Prince fans are furious at Cheerios for 'milking' his death with this 'tasteless' tweet https://t.co/gVfHx6arsKpic.twitter.com/F9PgkgSHsQ
— Daily Mail US (@DailyMail) April 22, 2016
Suffice it to say, people weren’t thrilled about it. But if that felt like a slap in the face, the people getting Prince-themed emails from high-end, online consignment store Tradesy must have felt like a sucker punch:
Dear brands: stop. A sale is not the way to honor Prince's life. Yes, I'm calling you out @cheerios and @tradesypic.twitter.com/0NpejeYVfZ
— Ashley Lucente (@Ash_Lucente) April 22, 2016
But the thing is, for every not-subtle attempt to shill things by working a dead celebrity into email blast SEO strategies that fail because it pisses people off, there are even more that work.
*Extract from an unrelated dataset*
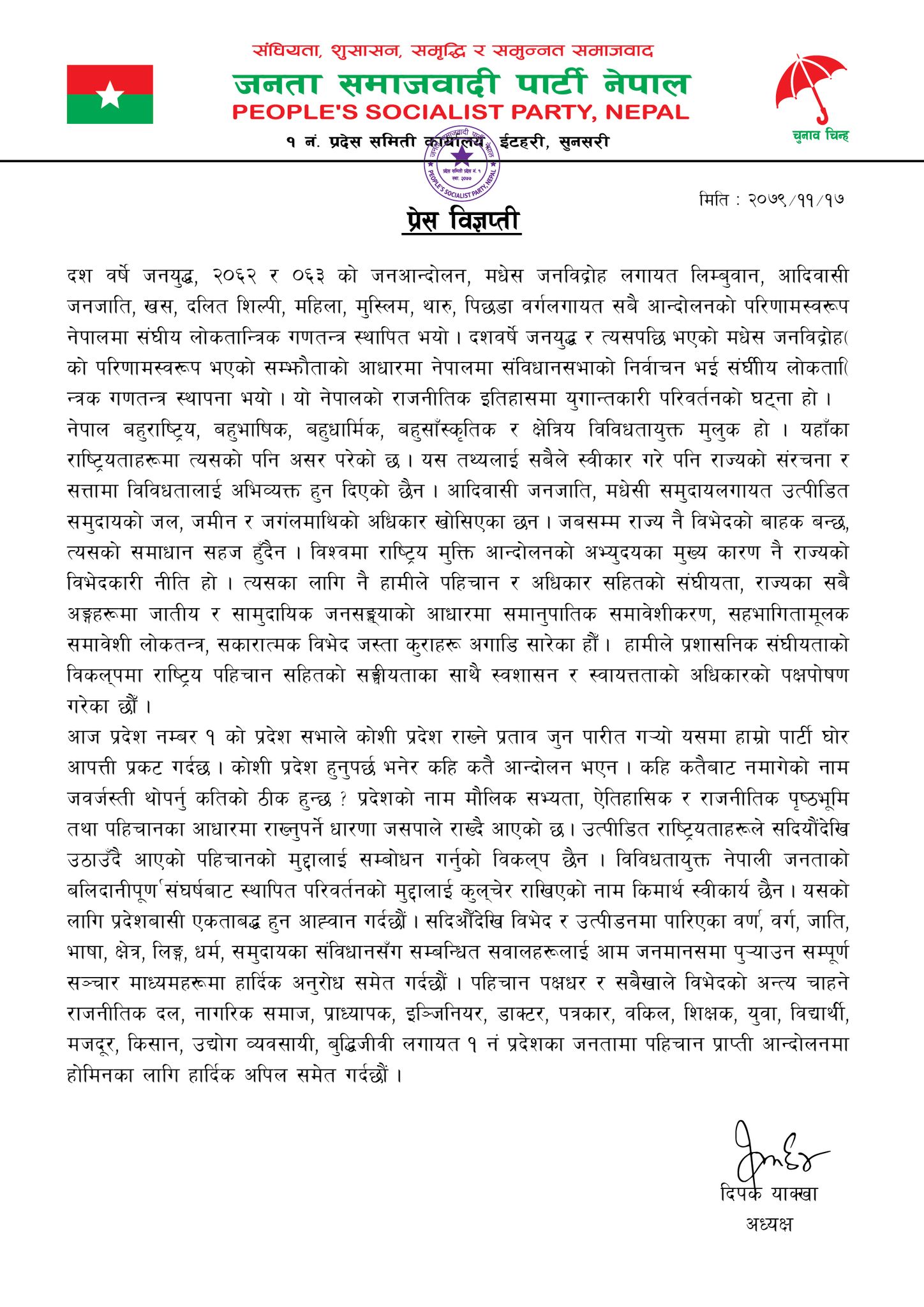 प्रदेशको नामाकरण ‘किरात-लिम्बुवान-मधेस-शेपालुङ’ हुनुपर्ने माग राख्दै आएको स्मरण गर्दै परिवर्तनबाट स्थापित मुद्दाहरूलाई रक्षा गर्न विगतमा आदिवासी जनजाति आन्दोलन, लिम्बुवान, थरूहट/थारूवान, ताम्सालिङ, किरात-खम्बुवान आन्दोलनलगायतसँग गरेका सम्झौताहरू कार्यान्वयन गर्नका लागि प्रदेशबासी एकताबद्ध हुन जसपाले आह्वान गरेको छ ।

What’s always surprised me is how quickly the genuine, heartfelt displays of grief and mourning hit a critical mass and then start spiraling downward toward an embarrassing shit show of crocodile tears and shoehorned marketing campaigns. Sometimes it’s only a few hours.
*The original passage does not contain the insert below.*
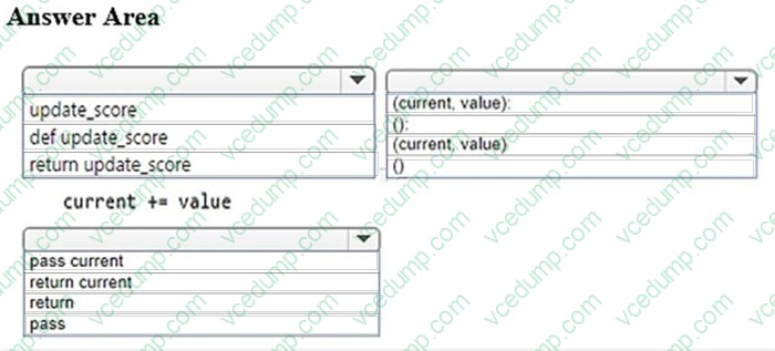 You need to create a function that meets the following criteria: The function is named update_score The function receives the current score and a value The function adds the value to the current score The function returns the new score

It’s for that reason that I give Facebook a wide berth when a celebrity dies, or at least make liberal use of the hide button. Knowing someone you admired — even from far, far, far away — has passed away is undeniably sad, and I want to respect that. Watching people as they attempt to contort real grief into social capital or actual money just makes it sadder. So I stay away.